# General beekeeping > Starting out >  Bee survival percentages

## voytech104

Does anyone has similar data for Scotland ?

Date of hatch                 survive through the winter percentage

until 26 July	-   -                                                          39%
between 27 july until 26 august   "          "                       82%
between 27 august until 7 september                       "      88%
between 8 september until 18 september	-    "          "      70%
between 19 september until 27 september -   "          "      41%
between 28 september until 8 october	-    "          "      30%

----------


## Adam

Hi Voytech. Where did you get your data from?
39% before 26 July is pretty poor.

----------


## gavin

If that means 39% of the bees hatched in some period before 26th July will still be alive in spring, that sounds fine to me.  I get the increasing percentage to early September, but why does it decrease after then?

----------


## The Drone Ranger

Voytech

I think its highly unlikely that any bee hatched in July other than a Queen would still be around in Spring.
No bees that become foragers could survive
Juvenile Hormone levels would be too low in July bees for the required lifespan

----------


## gavin

Maybe in the situation where a queen is shutting down laying early?  An older queen or one in an environment where there is good spring and summer forage but conditions in autumn discourage more brood raising.  

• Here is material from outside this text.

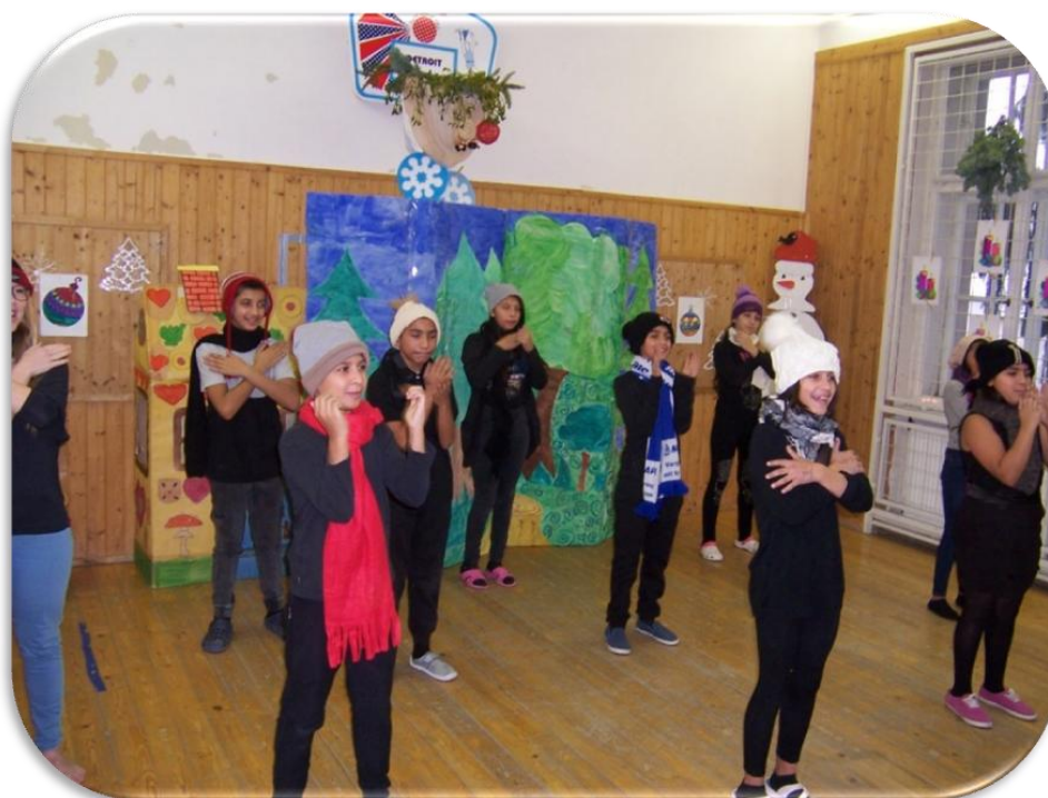
Vystoupení pro rodiče

It does seem unlikely when bees are busy on late summer and autumn flows, and raising lots of brood on them too.

----------


## Rosie

> If that means 39% of the bees hatched in some period before 26th July will still be alive in spring, that sounds fine to me.  I get the increasing percentage to early September, but why does it decrease after then?

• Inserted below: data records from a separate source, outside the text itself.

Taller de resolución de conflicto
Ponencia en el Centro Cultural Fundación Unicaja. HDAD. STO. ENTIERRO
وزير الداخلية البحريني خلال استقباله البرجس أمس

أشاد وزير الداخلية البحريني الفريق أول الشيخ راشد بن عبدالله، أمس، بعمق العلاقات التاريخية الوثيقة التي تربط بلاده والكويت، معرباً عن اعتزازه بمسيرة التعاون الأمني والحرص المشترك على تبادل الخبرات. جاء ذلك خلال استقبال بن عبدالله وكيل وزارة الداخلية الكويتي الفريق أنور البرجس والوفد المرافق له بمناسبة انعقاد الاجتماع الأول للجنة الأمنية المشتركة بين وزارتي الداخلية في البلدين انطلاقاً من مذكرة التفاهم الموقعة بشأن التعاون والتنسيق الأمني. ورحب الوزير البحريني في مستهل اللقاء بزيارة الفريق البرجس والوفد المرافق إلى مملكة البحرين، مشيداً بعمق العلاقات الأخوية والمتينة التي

I wonder if it's because at the location where the tests were done the pollen quality was in decline.  It could also be that by late September the nest was so small that almost every pupa had a varroa mite tucked in with it.  We would have to know a lot about the conditions and location of the test to make sense of it.  An interesting topic to study though.

Rosie

----------


## Jon

A couple of times I have had to open colonies in late October and have been surprised to find 5 or 6 frames of brood.
My queens usually slow down or stop in late August and then start up again with a vengeance in mid September when the Ivy starts.
I have always imagined the bees which overwinter are hatched in September and October. Pure speculation on my part but like DR, I don't see how bees hatched earlier are going to be around in spring.
I thought it was bees which never had to rear brood that lived longer, so the overwintering bees are pretty much the contents of the last brood nest

----------


## The Drone Ranger

These articles touch on both Jon and Rosie's points and although they don't quite answer the question they are interesting nevertheless.

http://www.ncbi.nlm.nih.gov/pmc/articles/PMC2398712/

http://www.coloss.org/documents/wg3-..._download/file

Quote from the coloss.org doc :-

      " Although beekeepers often do not like to treat their hives against V. destructor
during July, the period that they are most probably collecting honey, treating the bees before their transition to winter bees does increase their lifespan and thus increases their chances to survive winter. 
Treating hives against Varroa in August or September results in lower lifespan of the winter bees than treating them in July, but a longer lifespan than not treating them at all"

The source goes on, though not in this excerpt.